Когда Чудовище приблизился, я обнаружила, что там, где должно было быть лицо… или морда… ну хоть что-нибудь, не было ничего — там сгустился черный мрак.
Но все равно это был Чудовище, и я его не боялась.
— Не делай этого, — донеслось из мрака.
А вот голос был новый, тот, что прорывался у Чудовища в последнее время, — его настоящий голос. И манера разговора больше не напоминала речь подростка.
— Не делать чего?
— Не делай этого, сгоришь.
Он подошел совсем близко, забрал у меня последнюю нить и указал себе на грудь.
— Положи левую руку сюда, — сказал Чудовище.
Я послушалась и положила ладонь ему на грудь. Под грубой серой тканью сильно билось сердце, и каждый удар вливал волшебное электричество в мое человеческое тело.
Будто по венам побежали искры, насыщая кровь магией.
Чудовище дважды обернул красную нить вокруг моего запястья, оставшиеся кончики завязал узелком.
— Не снимай никогда, не отдавай никому.
— А тебе?
Где-то там, во тьме, кто-то усмехнулся.
— Мне — тем более.
Я не торопилась убирать руку. Ладонью я чувствовала биение сердца, и от горячей пульсации у меня слегка кружилась голова.
— Можно я тебя еще потрогаю? — Я замедленно провела по выпуклой груди Чудовища, и голова закружилась еще больше. Что-то со мной творилось: мне хотелось осязать и осязать Чудовище — так, как это может делать только человек с человеком. Я почти забыла, каково это — прикасаться к кому-то, чувствовать, что там, под тканью, гладкая теплая кожа, до которой можно добраться… Я вспоминала и теперь испытывала такие острые ощущения, что от волнения мне было трудно дышать.

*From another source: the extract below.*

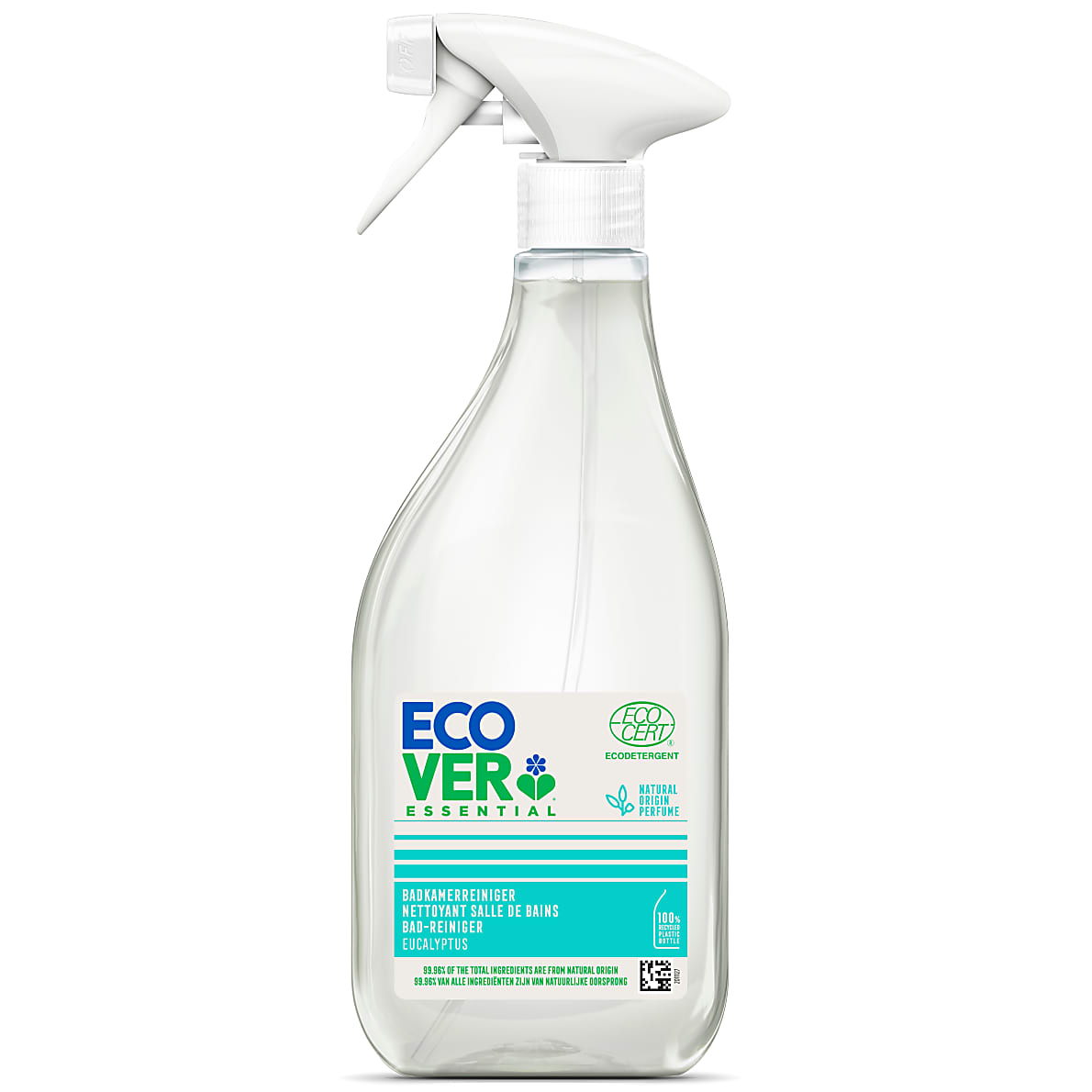 Ecover Essential Badkamerreiniger is een handige schoonmaakspray die afrekent met zeepresten en vuil en je badkamer weer laat glanzen. De badkamer reinigingsspray is samengesteld uit vegan en biologisch afbreekbare ingrediënten en bevat enkel parfums van natuurlijke oorsprong. Na het poetsen met deze eco badkamerreiniger ruikt je badkamer heerlijk fris naar munt en eucalyptus. Je kan deze Ecover badkamer reiniger ook perfect gebruiken op verticale oppervlakken zoals de wand van je douche.

Вместо ответа Чудовище наклонил голову, и темные пряди закрыли мрак лица. Он стоял неподвижно, прислушиваясь к прикосновениям.
Моя рука скользнула выше, на ключицу, потом на шею. Я любила обнимать его лапами за шею и утыкаться в нее носом, а Чудовище всегда сообщал, что нос у меня холодный и мокрый, а я всегда отвечала: «Но тебе же это нравится, я знаю», — и он соглашался, что да, нравится…
Мне вдруг захотелось уткнуться лицом в шею Чудовища и прикоснуться к ней губами.
Это было сумасшествие, и это надо было остановить. Бог знает, до чего я могла дойти.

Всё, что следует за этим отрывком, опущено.